TASK TO CARRY OUT :: Transcribe the entries below word for word, beginning at the line with "豚肉とごぼうの煮もの・なにわ" and stopping after the line with "Priestory ponúkajú veľa"; drop all pictures.

MATERIAL SHOWN ::

■ ■ ■ ■ ■

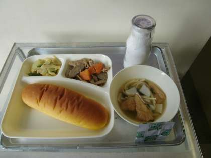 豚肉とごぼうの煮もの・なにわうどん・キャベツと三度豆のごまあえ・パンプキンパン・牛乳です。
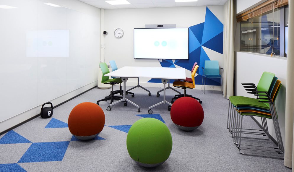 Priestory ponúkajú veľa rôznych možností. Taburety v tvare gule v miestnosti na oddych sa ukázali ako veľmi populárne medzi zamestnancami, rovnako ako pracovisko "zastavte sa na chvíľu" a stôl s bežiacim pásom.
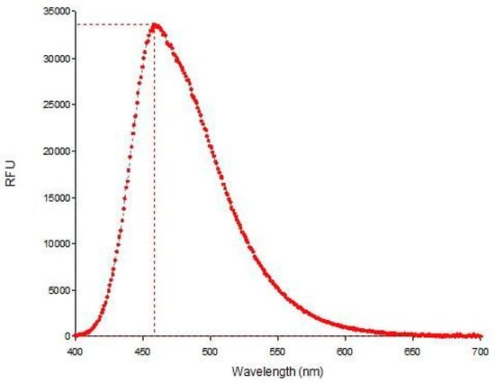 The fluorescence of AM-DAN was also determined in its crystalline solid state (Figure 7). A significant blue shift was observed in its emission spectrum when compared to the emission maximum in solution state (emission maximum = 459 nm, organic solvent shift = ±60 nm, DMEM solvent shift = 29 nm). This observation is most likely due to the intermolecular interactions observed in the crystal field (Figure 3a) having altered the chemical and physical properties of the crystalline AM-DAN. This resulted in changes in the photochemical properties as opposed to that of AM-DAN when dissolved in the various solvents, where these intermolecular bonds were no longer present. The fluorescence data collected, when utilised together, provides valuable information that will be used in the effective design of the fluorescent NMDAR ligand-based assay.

■ ■ ■ ■ ■

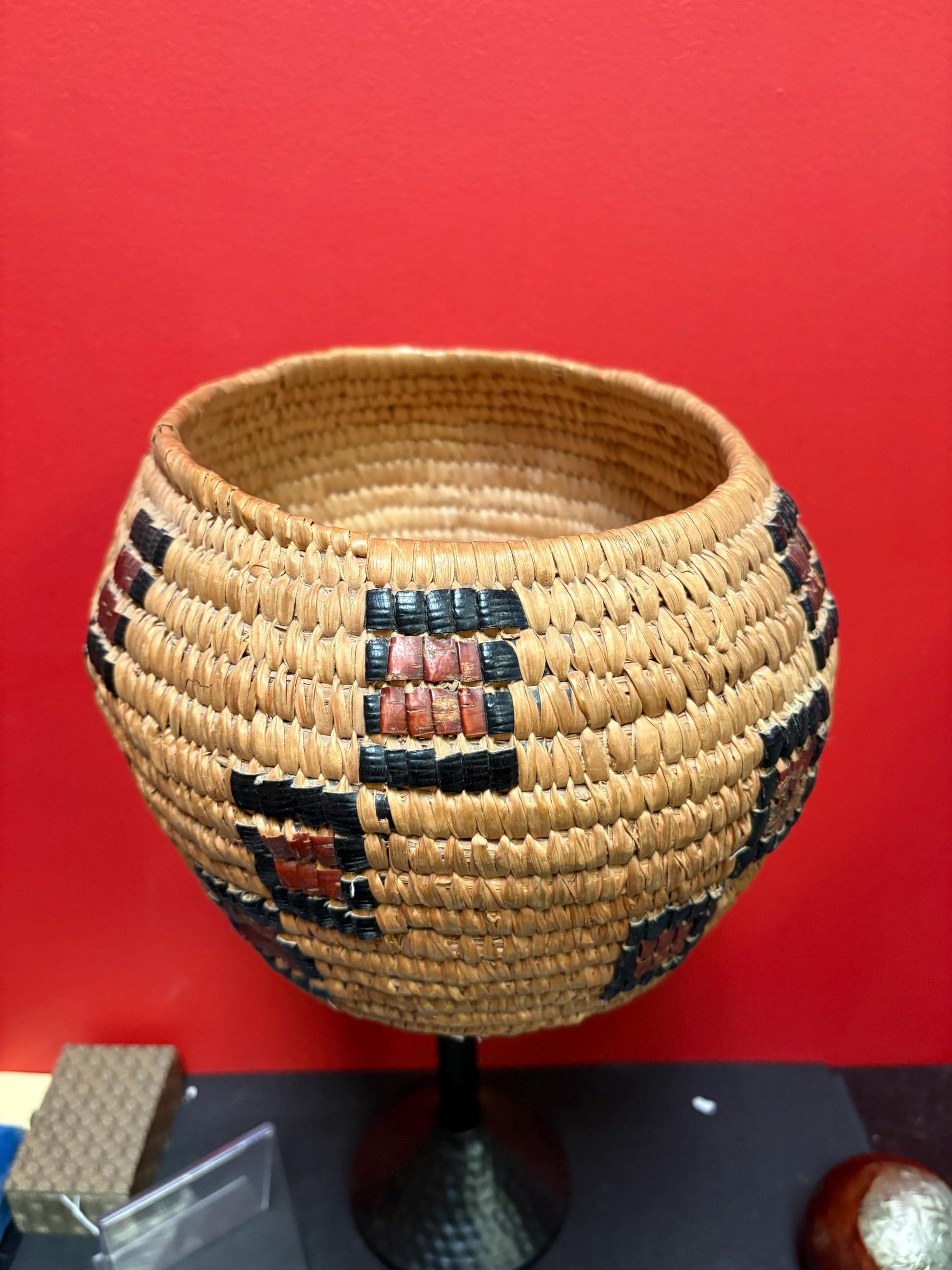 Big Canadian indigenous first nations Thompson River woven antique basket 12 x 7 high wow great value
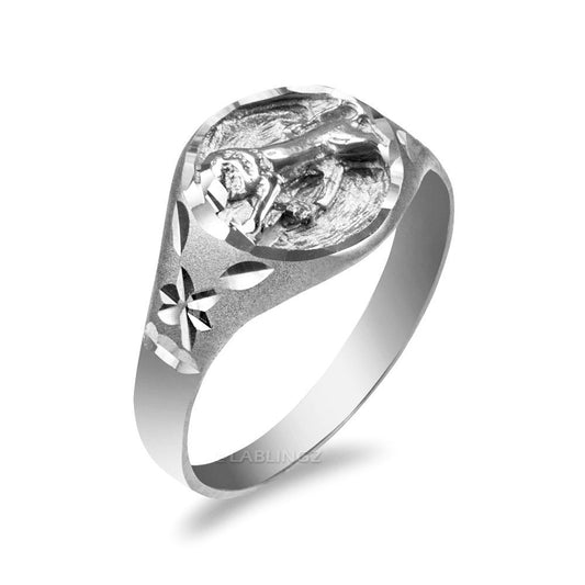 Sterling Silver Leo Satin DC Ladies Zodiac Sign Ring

■ ■ ■ ■ ■

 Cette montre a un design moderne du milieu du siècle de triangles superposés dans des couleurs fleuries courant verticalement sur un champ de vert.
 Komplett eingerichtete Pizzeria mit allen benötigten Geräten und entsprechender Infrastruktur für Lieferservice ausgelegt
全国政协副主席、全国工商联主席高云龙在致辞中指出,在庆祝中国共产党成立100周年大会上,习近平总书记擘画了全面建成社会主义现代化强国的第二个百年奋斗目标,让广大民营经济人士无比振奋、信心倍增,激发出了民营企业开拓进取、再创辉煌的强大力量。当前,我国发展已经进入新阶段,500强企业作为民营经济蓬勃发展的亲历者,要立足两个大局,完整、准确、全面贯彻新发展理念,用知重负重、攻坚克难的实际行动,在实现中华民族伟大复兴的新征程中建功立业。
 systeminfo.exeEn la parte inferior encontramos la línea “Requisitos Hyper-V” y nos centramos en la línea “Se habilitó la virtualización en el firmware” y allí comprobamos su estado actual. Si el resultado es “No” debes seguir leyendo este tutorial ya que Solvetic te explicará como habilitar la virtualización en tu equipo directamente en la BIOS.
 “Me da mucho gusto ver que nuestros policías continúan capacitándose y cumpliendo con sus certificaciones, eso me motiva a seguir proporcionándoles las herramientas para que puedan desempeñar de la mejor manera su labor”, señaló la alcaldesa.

■ ■ ■ ■ ■

ANSWER SECTION ::
 豚肉とごぼうの煮もの・なにわうどん・キャベツと三度豆のごまあえ・パンプキンパン・牛乳です。
 Priestory ponúkajú veľa rôznych možností. Taburety v tvare gule v miestnosti na oddych sa ukázali ako veľmi populárne medzi zamestnancami, rovnako ako pracovisko "zastavte sa na chvíľu" a stôl s bežiacim pásom.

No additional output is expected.